Exact copies of the lines below are the goal; any images in them are dropped.
Start of DATA SHOWN
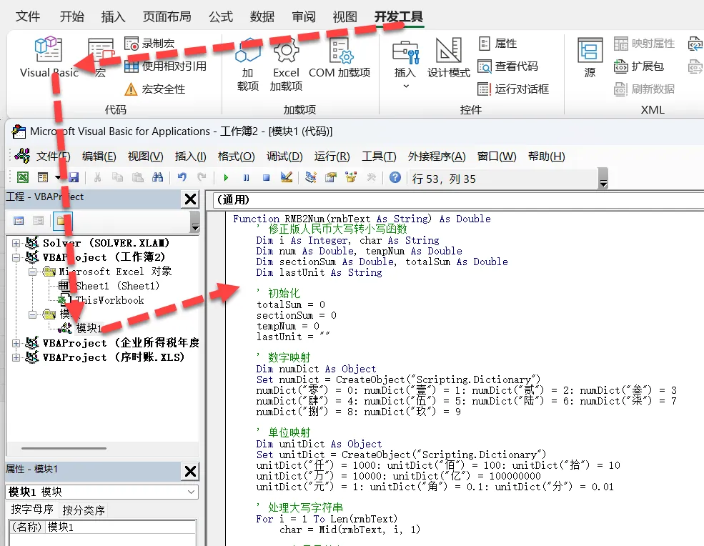 开发工具,VB,插入模块,粘贴代码。
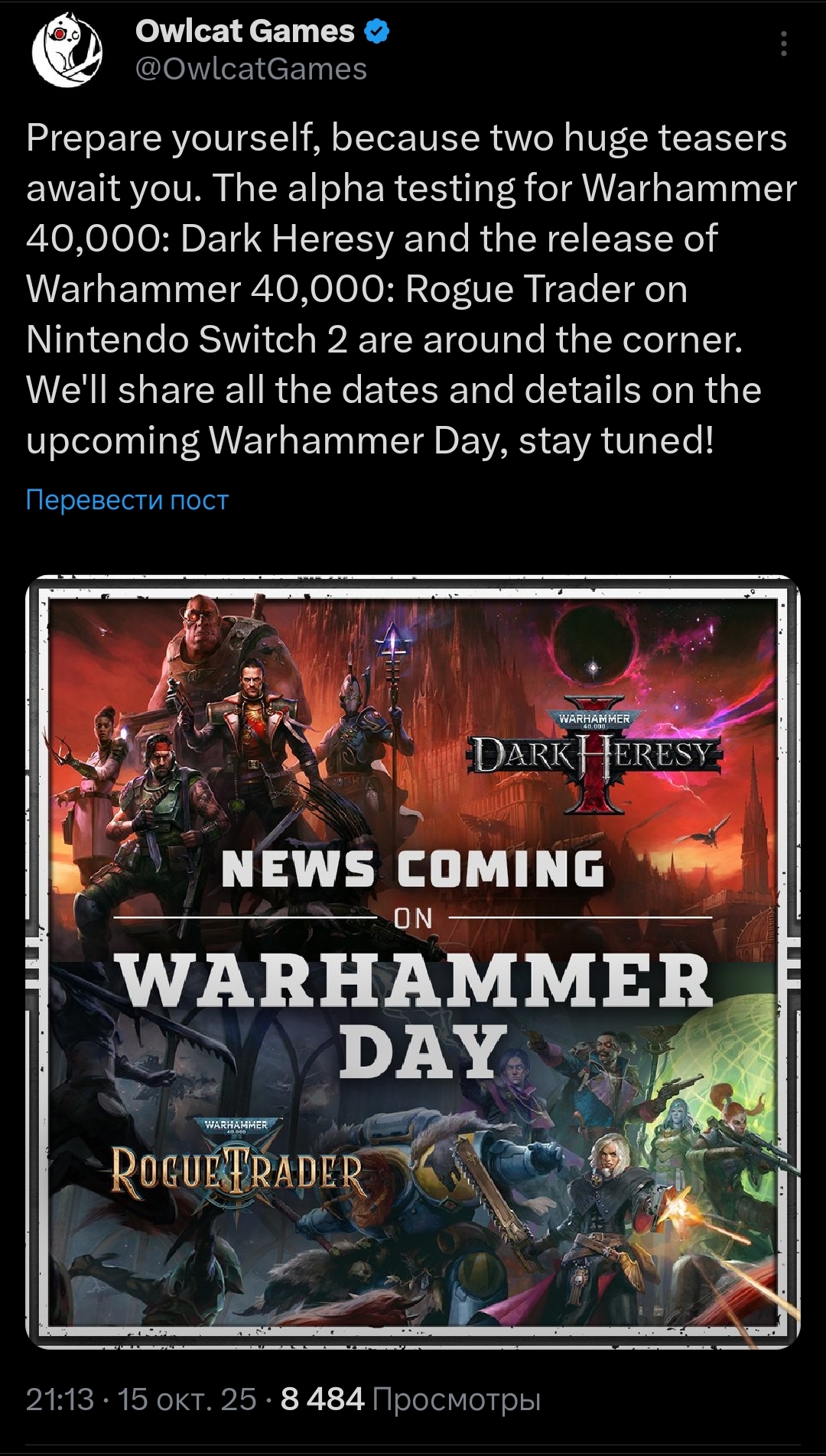 Новости: 1) Первое длц для RT, с компаньоном-ассасинкой культа смерти и расширением корабля — вышло. Второе длц, с компаньоном-негром-арбитесом-пидорасом и его летающим киберпетушатником — вышло и оказалось гораздо лучше первого. Третье длц про Тразина Неисчислимого и его бляцкий музей запланировано на апрель–июнь 2026 года. Четвёртое длц про космическую помойку запланировано на июль–сентябрь 2026 года. Релизный трейлер Void Shadows: https://www.youtube.com/watch?v=hsgKGORxxXc[РАСКРЫТЬ] Релизный трейлер Lex Imperialis: https://www.youtube.com/watch?v=Dh9lu23PCiA[РАСКРЫТЬ] 2) Owlcat представила The Expanse: Osiris Reborn, будущая Аction RPG по вселенной Экспансии. Анонсирующий трейлер: https://www.youtube.com/watch?v=pIQifuOTTe8[РАСКРЫТЬ] 3) В разработке следующая игра совокотов по вселенной Warhammer 40000 - Dark Heresy. Анонсирующий трейлер: https://www.youtube.com/watch?v=mmfu_Spm-6U[РАСКРЫТЬ] Сюжет: https://www.youtube.com/watch?v=dmjOBcas1ac[РАСКРЫТЬ] 4) Патч 2.5 для ВОТР с реворком мифика Золотого дракона вышел, заодно появилась GOTY версия со всеми контентными дополнениями. Это последнее добавление контента в игру. Кто ждал финального релиза - это он.
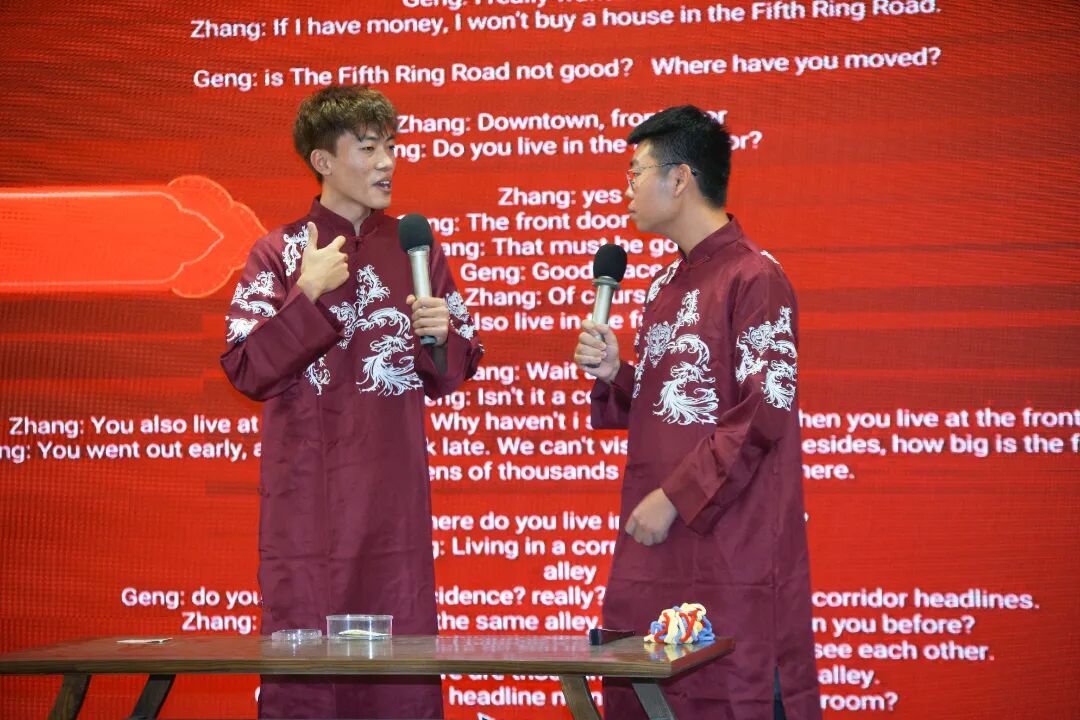 潘铭宇在英语角中担任主持人,活跃现场气氛
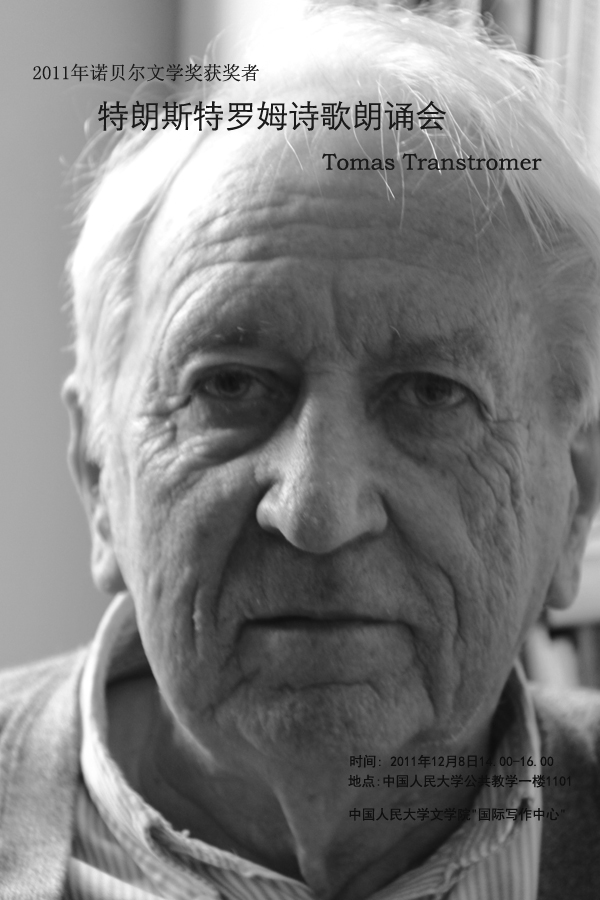 为庆祝瑞典诗人特朗斯特罗姆获得2011年诺贝尔文学奖,为满足广大学生和诗歌爱好者对特朗斯特罗姆诗歌的喜爱,亚洲a片 “国际写作中心”将在12月8日下午隆重举办特朗斯特罗姆诗歌专场朗诵会,瑞典驻华使节、在京的一些中国诗人和特朗斯特罗姆诗歌的中文译者李笠先生将参加朗诵会,朗诵会将以中文、瑞典文和英语等多种形式进行,欢迎广大高校学生和诗歌爱好者参加。
End of DATA SHOWN
### [YOUR RESPONSE]
 开发工具,VB,插入模块,粘贴代码。
 Новости: 1) Первое длц для RT, с компаньоном-ассасинкой культа смерти и расширением корабля — вышло. Второе длц, с компаньоном-негром-арбитесом-пидорасом и его летающим киберпетушатником — вышло и оказалось гораздо лучше первого. Третье длц про Тразина Неисчислимого и его бляцкий музей запланировано на апрель–июнь 2026 года. Четвёртое длц про космическую помойку запланировано на июль–сентябрь 2026 года. Релизный трейлер Void Shadows: https://www.youtube.com/watch?v=hsgKGORxxXc[РАСКРЫТЬ] Релизный трейлер Lex Imperialis: https://www.youtube.com/watch?v=Dh9lu23PCiA[РАСКРЫТЬ] 2) Owlcat представила The Expanse: Osiris Reborn, будущая Аction RPG по вселенной Экспансии. Анонсирующий трейлер: https://www.youtube.com/watch?v=pIQifuOTTe8[РАСКРЫТЬ] 3) В разработке следующая игра совокотов по вселенной Warhammer 40000 - Dark Heresy. Анонсирующий трейлер: https://www.youtube.com/watch?v=mmfu_Spm-6U[РАСКРЫТЬ] Сюжет: https://www.youtube.com/watch?v=dmjOBcas1ac[РАСКРЫТЬ] 4) Патч 2.5 для ВОТР с реворком мифика Золотого дракона вышел, заодно появилась GOTY версия со всеми контентными дополнениями. Это последнее добавление контента в игру. Кто ждал финального релиза - это он.
 潘铭宇在英语角中担任主持人,活跃现场气氛
 为庆祝瑞典诗人特朗斯特罗姆获得2011年诺贝尔文学奖,为满足广大学生和诗歌爱好者对特朗斯特罗姆诗歌的喜爱,亚洲a片 “国际写作中心”将在12月8日下午隆重举办特朗斯特罗姆诗歌专场朗诵会,瑞典驻华使节、在京的一些中国诗人和特朗斯特罗姆诗歌的中文译者李笠先生将参加朗诵会,朗诵会将以中文、瑞典文和英语等多种形式进行,欢迎广大高校学生和诗歌爱好者参加。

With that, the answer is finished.